Parece evidente existir hoje um reavivamento das antigas formas de serviço doméstico, mesmo na realidade portuguesa. Alguns estudos parecem associar esse reavivamento à paridade de trabalho qualificado entre homem e mulher que obriga a substituí-los nas funções domésticas por profissionais de cuidado dos filhos, de manutenção de padrões de conforto, assepsia e limpeza. É necessário não desligar este reavivamento da modalidade da empregada(o) interna(o) dos fenómenos transmigratórios e, portanto, de uma reprodução das condições de extrema vulnerabilidade a que esta condição profissional sempre foi sujeita.

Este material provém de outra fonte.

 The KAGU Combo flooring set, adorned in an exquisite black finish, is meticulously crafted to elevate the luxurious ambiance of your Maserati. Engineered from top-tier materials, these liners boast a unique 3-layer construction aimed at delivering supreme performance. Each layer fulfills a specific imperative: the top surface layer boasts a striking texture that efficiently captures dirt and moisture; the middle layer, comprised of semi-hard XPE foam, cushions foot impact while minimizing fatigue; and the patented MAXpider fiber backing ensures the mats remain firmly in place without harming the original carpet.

A verdade é que estamos perante o caso de um paradoxo: se a invisibilidade e subalternização do trabalho doméstico continua como principal mote da sua caracterização, não deixa de ser verdade que nunca esteve tão “visível” no plano ficcional. Os holofotes da ficção estão enamorados pelo servilismo e pela teia de fronteiras ténues que esse servilismo suscitou na relação entre servos e senhores. São disso exemplo as séries Alias Grace, Handmaid's Tale ou Gran Hotel. Mas é interessante notar que essas ficções se projetam num passado longínquo ou num futuro que se vislumbra, deixando ao presente um espaço de realidade por compreender.

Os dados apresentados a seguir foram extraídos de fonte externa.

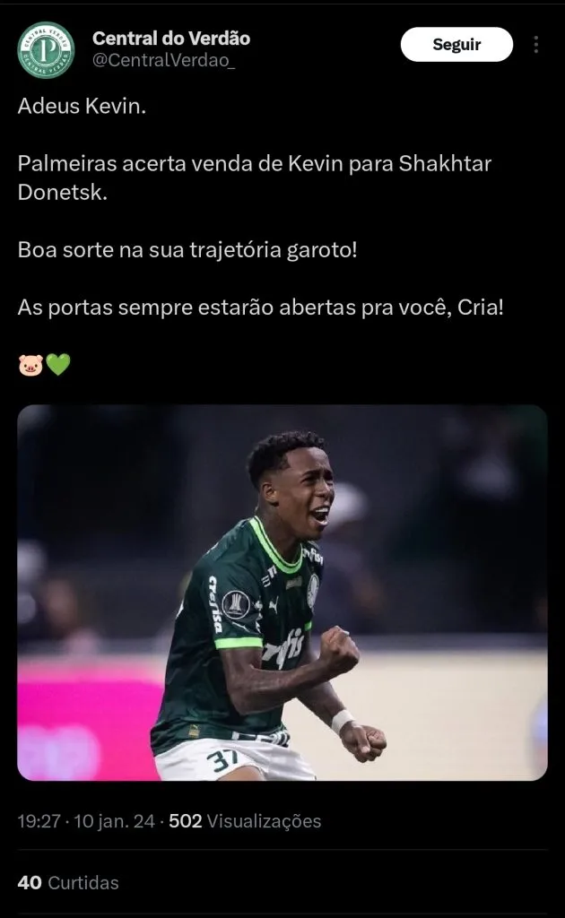 O jornalista Fabrizio Romano informa que o Palmeiras chegou a um acordo pela venda do atacante Kevin para a equipe do Shaktar Donetsk.

E ocorre-me deixar-vos com um dos depoimentos que resulta das entrevistas realizadas no âmbito do Observatório do Trabalho Doméstico: «Que as mães ensinem os filhos sobre as lides domésticas para que não dependam duma mulher. E que muitos não façam da sua moça Gata Borralheira, tornando-a escrava.”

Notas

  1. ^ Repare-se que o facto de a classe ociosa se reservar à ocupação de funções de prestígio e usufruto da sociabilidade de salão é, em grande medida, suportado por uma classe de subalternos que lhes credibiliza esse prestígio e viabiliza uma elevada estilização da vida privada, como salienta Thorstein Veblen.